- [SUPPLIED DATA]:
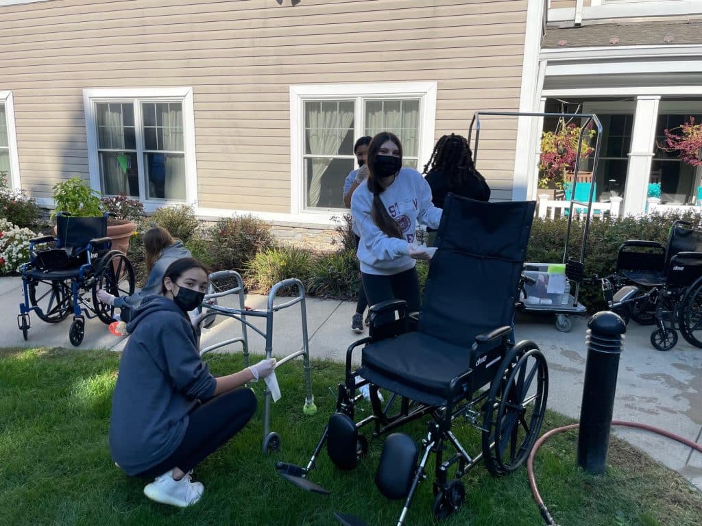 C: Lynbrook High School students Stephanie Neri (Sophomore), Katherine Ferng (Sophomore), Alexandra Spector (Junior), Amelie Duch (Sophomore) and Mischa Martin (Junior) volunteer to wash wheelchairs during a visit to the North of Sunrise Assisted Living Facility in Lynbrook.
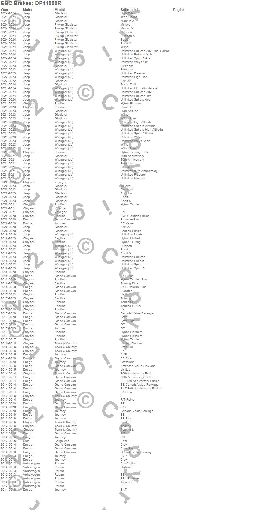 C/V, Gladiator, Grand Caravan, Journey, Pacifica, Pickup Gladiator, Routan, Town & Country, Voyager, Wrangler (JL), Chrysler, Dodge, Jeep, Ram, Volkswagen, 2024, 2023, 2022, 2021, 2020
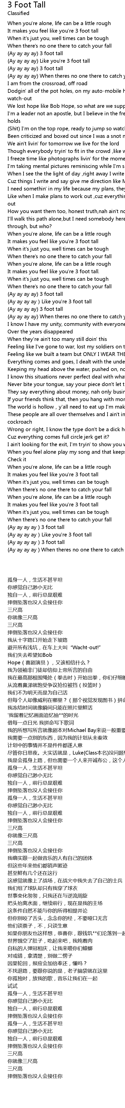 | [03:13.100] | (Ay ay ay ay)Like you're 3 foot tall |

- [TO DO]:
From the line containing "C/V, Gladiator, Grand" through the last line of the material above, write out each line exactly, leaving aside all pictures.

- [WRITTEN SOLUTION]:
 C/V, Gladiator, Grand Caravan, Journey, Pacifica, Pickup Gladiator, Routan, Town & Country, Voyager, Wrangler (JL), Chrysler, Dodge, Jeep, Ram, Volkswagen, 2024, 2023, 2022, 2021, 2020
 | [03:13.100] | (Ay ay ay ay)Like you're 3 foot tall |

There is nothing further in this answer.